High-energy neutrino emission subsequent to gravitational wave radiation from supermassive black hole mergers

TL;DR

This paper models neutrino emissions from supermassive black hole mergers, suggesting detectable signals by IceCube-Gen2 that could enhance understanding of these cosmic events through multimessenger astronomy.

Contribution

It introduces a detailed model of neutrino production from jet-induced shocks in SMBH mergers and evaluates their detectability and contribution to the diffuse neutrino background.

Findings

High-energy neutrino emission detectable within 5-10 years by IceCube-Gen2.

SMBH mergers could account for a significant fraction of observed PeV neutrinos.

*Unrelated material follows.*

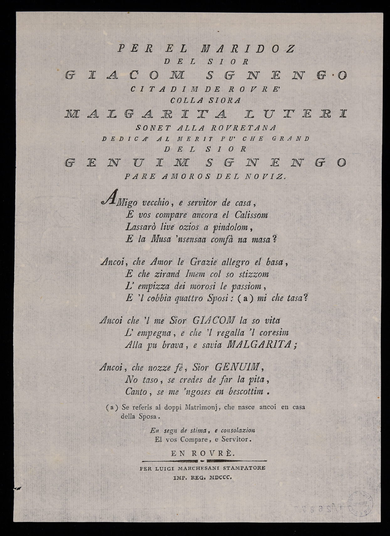 | Per el maridoz del sior Giacom Sgnengo citadim de Rovré colla siora Malgarita Luteri sonet alla rovretana dedicà al merit pù che grand del sior Genuim Sgnengo pare amoros del noviz |

Neutrino signals can complement gravitational wave data for understanding SMBH merger physics.

Abstract

Supermassive black hole (SMBH) coalescences are ubiquitous in the history of the Universe and often exhibit strong accretion activities and powerful jets. These SMBH mergers are also promising candidates for future gravitational wave detectors such as Laser Space Inteferometric Antenna (LISA). In this work, we consider neutrino counterpart emission originating from the jet-induced shocks. The physical picture is that relativistic jets launched after the merger will push forward inside the premerger disk wind material, and then they subsequently get collimated, leading to the formation of internal shocks, collimation shocks, forward shocks and reverse shocks. Cosmic rays can be accelerated in these sites and neutrinos are expected via the photomeson production process. We formulate the jet structures and relevant interactions therein, and then evaluate neutrino emission from each shock site. We find that month-to-year high-energy neutrino emission from the postmerger jet after the gravitational wave event is detectable by IceCube-Gen2 within approximately five to ten years of operation in optimistic cases where the cosmic-ray loading is sufficiently high and a mildly super-Eddington accretion is achieved. We also estimate the contribution of SMBH mergers to the diffuse neutrino intensity, and find that a significant fraction of the observed very high-energy ($E_\nu\gtrsim1$ PeV) IceCube neutrinos could originate from them in the optimistic cases. In the future, such neutrino counterparts together with gravitational wave observations can be used in a multimessenger approach to elucidate in greater detail the evolution and the physical mechanism of SMBH mergers.